Even if I would love to, I can not see the link to a completely differently oriented Wiener Werkstätte, who was ideologically fighting Adolf Loos on their home ground and a lost battle for the preservation of the crafts in the Austrian Hungarian Empire, in the midst of what Robert Musil described as the fast decline of patriotism of the German Austrians that would eventually become the basis for the "Ansluss".
cont.
The fact that most books about the Bauhaus (with the exception of the still important catalogue of the first large exhibition on the Bauhaus in Stuttgart-somewhere in the sixties-...) mention Joseph Hoffmann (other than the 5 Hoffmann's and the 2 Hoffman's that were students in the Bauhaus) is the result of accuracy in the description of the historical context, and certainly not because there was some kind of sympathy between the two. Anyway that was my take on the question. I should leave it at that, but I could not resist further comments because we should at least be as accurate as possible and I find descriptions like:"Gropius I believe was working there" and "Joseph Hoffmann for instance was a leading figure of the Wiener Werkstätte who practiced at both institutes"...very confusing for someone who asked the question because neither is the truth.

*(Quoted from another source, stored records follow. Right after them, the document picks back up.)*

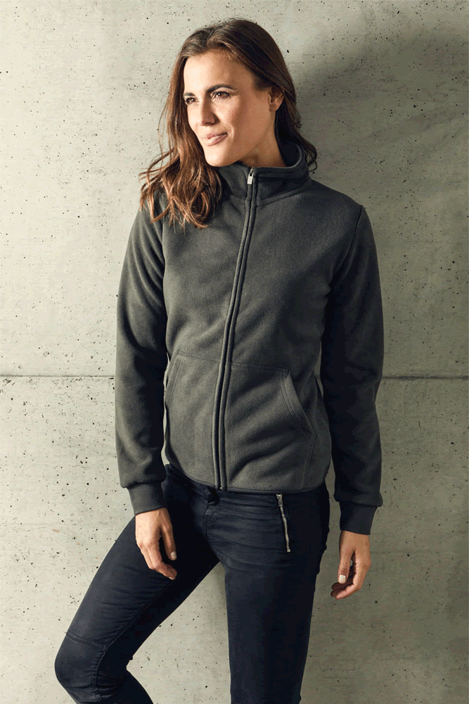 Double fleece jacket with stand-up collar and fulllength zipper, sleeve cuffs with elastane as well as slit pockets with decorative stitching. The inside of the jacket is in contrast colour, produced of polyester with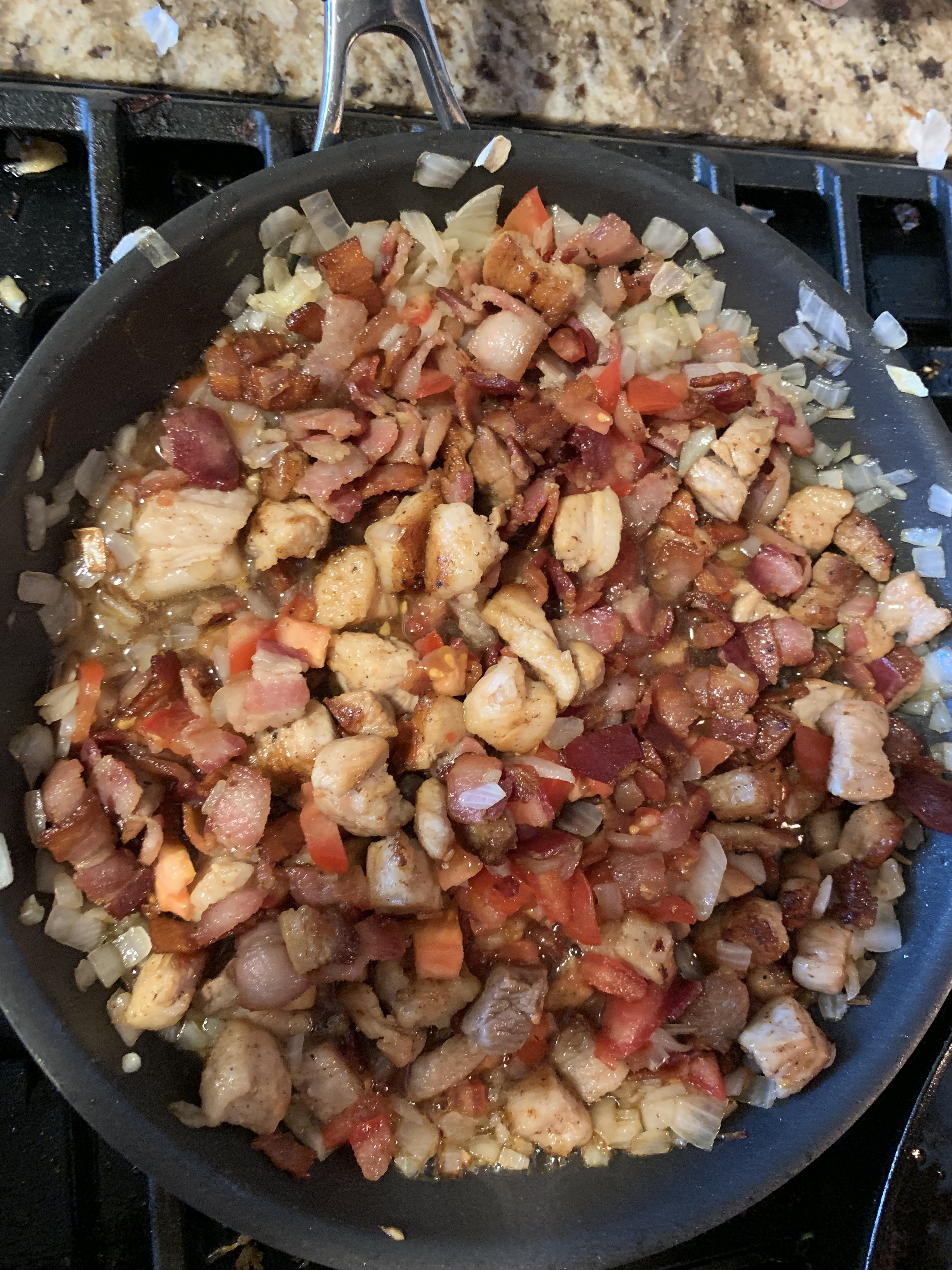 In a different pan (I used a large, non-stick here) melt your butter, then add garlic and saute for a minute. Once the garlic smells good, add your onions and stir until brown. Toss in the bacon, pork belly, tomatoes, brown sugar, 1/2 cup of water and bring to a simmer. When it is simmering, reduce heat and cook until thick and full of flavor.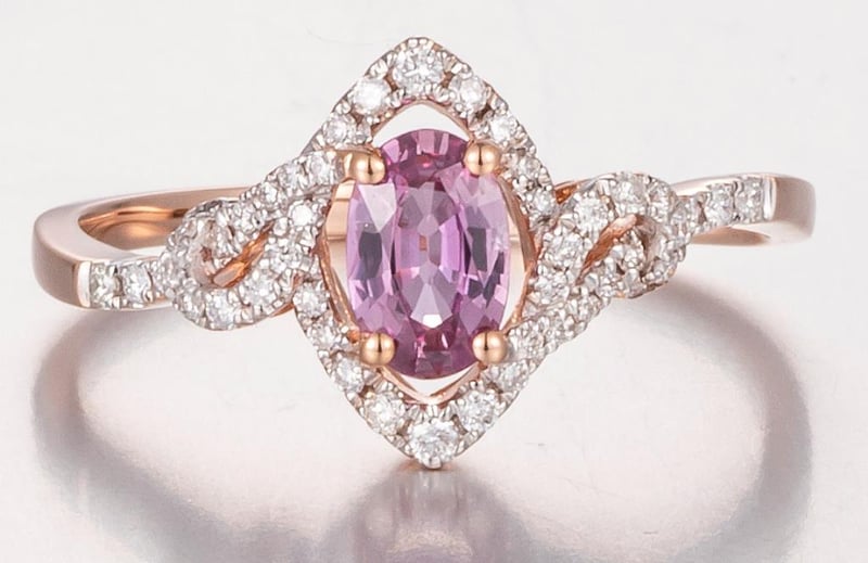 14CT ROSE GOLD PINK CEYLON SAPPHIRE AND DIAMOND HALO RING Features Centre, One Oval Cut, Moderate Pink Ceylon Sapphire (0.50Ct, Slightly Included), Claw Set, With 46 Round Brilliant Cut Diamonds (0.20Ct Tdw, G-H Colour, Vs1-Vs2 Clarity), Pip-Claw Set. Ring Size O. Jewellery Valuations Provided By A Third Party Professional Not Directly Associated With Lloyds Auctions at AUD $12200This Insurance Valuation has been provided by a registered Jewellery Valuer and is intended for insurance purposes only. The valuation amount has no bearing on the auction value of the item. Any questions regarding the valuation should be directed to the issuing Valuer (refer to contact details on the certificate) as Lloyds have no association or relationship with the Valuer or the valuation amount contained within the valuation. 0587812+1729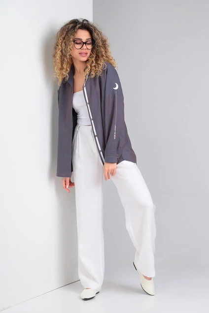 Блузка свободного силуэта, удлиненная, из натуральной льняной ткани. Перед на застежке петли-пуговицы. Воротник на стойке. Спинка разрезная с декоративными элементами. Рукав втачной на спущенной пройме, длинный с манжетой на застежку. Длина 73 см, рукав от горловины 71 см. Длина по спинке 73 см, рукав 71 см, длина по полочке 63 см.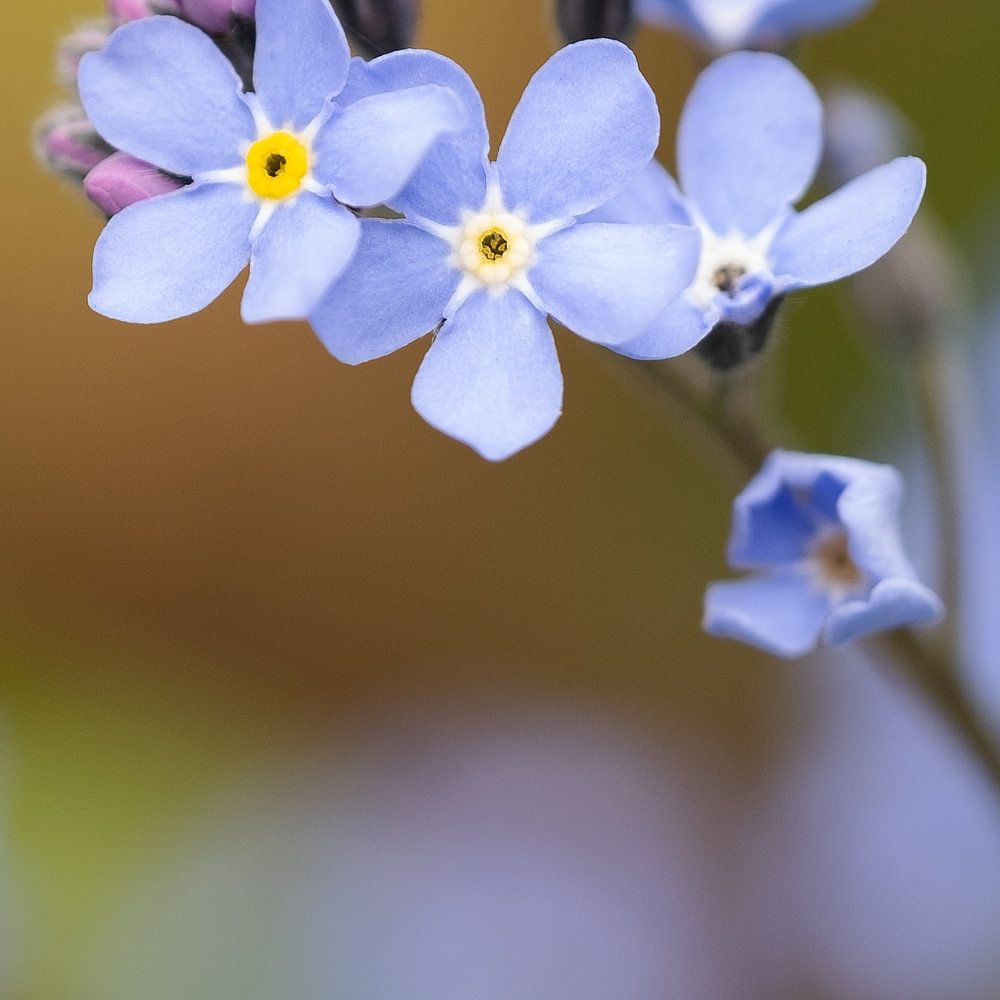 Een vergeet me nietje omgeven door pastelkleuren, romantiek ten top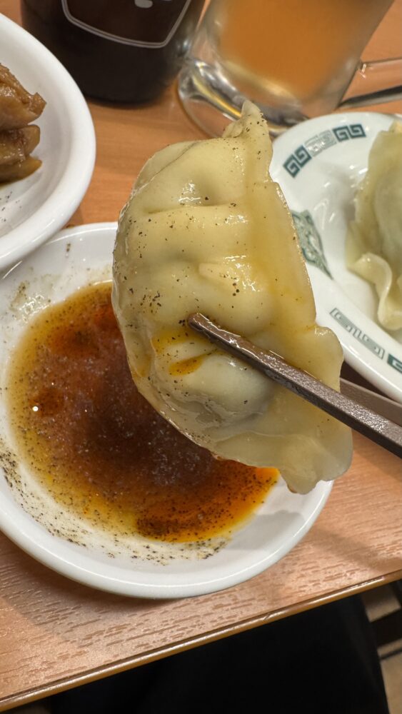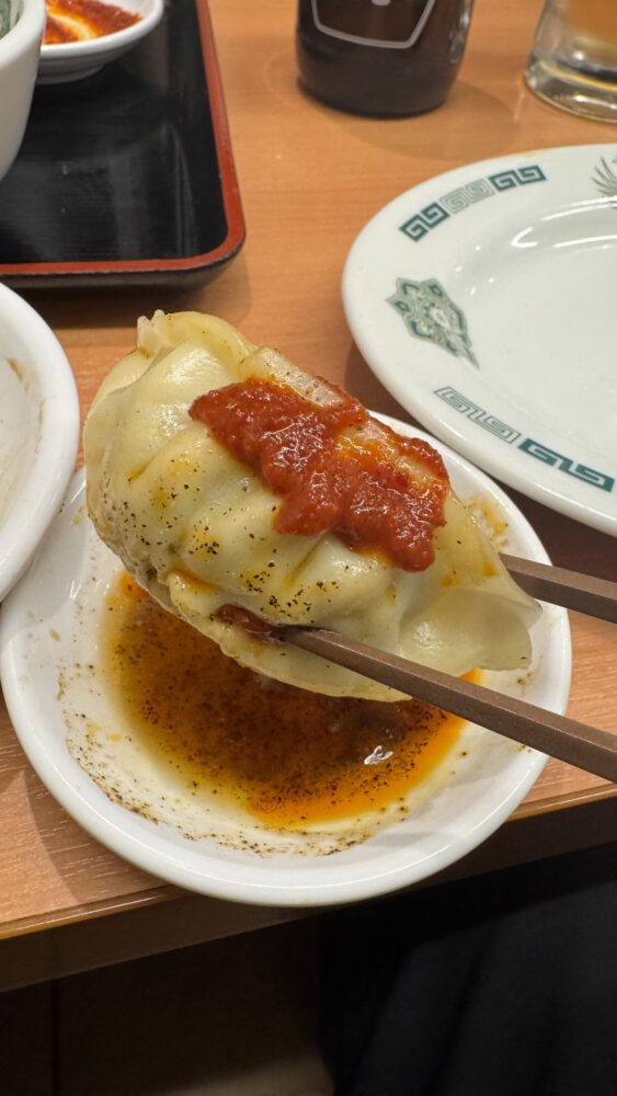 ▲餃子も秘伝の辛味噌で味変。辛旨な餃子もお酒に合いますね。この日はこれで締め。

The relation between two or m...
The relation between two or more movement of ideas is never a mathematical detail, but it is possible to find some links based on official statements or make hypothesis, or noticing them.
I know that Walter Gropius was involved with the Wiener Werkstätte before starting the Bauhaus movement. That makes me think that he also was probably inspired by it.
One thing that the Bauhaus has taken from the Wiener Werkstatte for sure is the mission at the very base that consists on " ... regarding design as a mean to shape society. In those day that was an innovative concept while the standard one was that design must be only a reflection of what society already is ... ".
I think that without the Wiener Werkstätte and the Bauhaus, today we would thing that changes happen because they are in the air. Instead now we know that changes in society very often happen because they are designed by creative artists.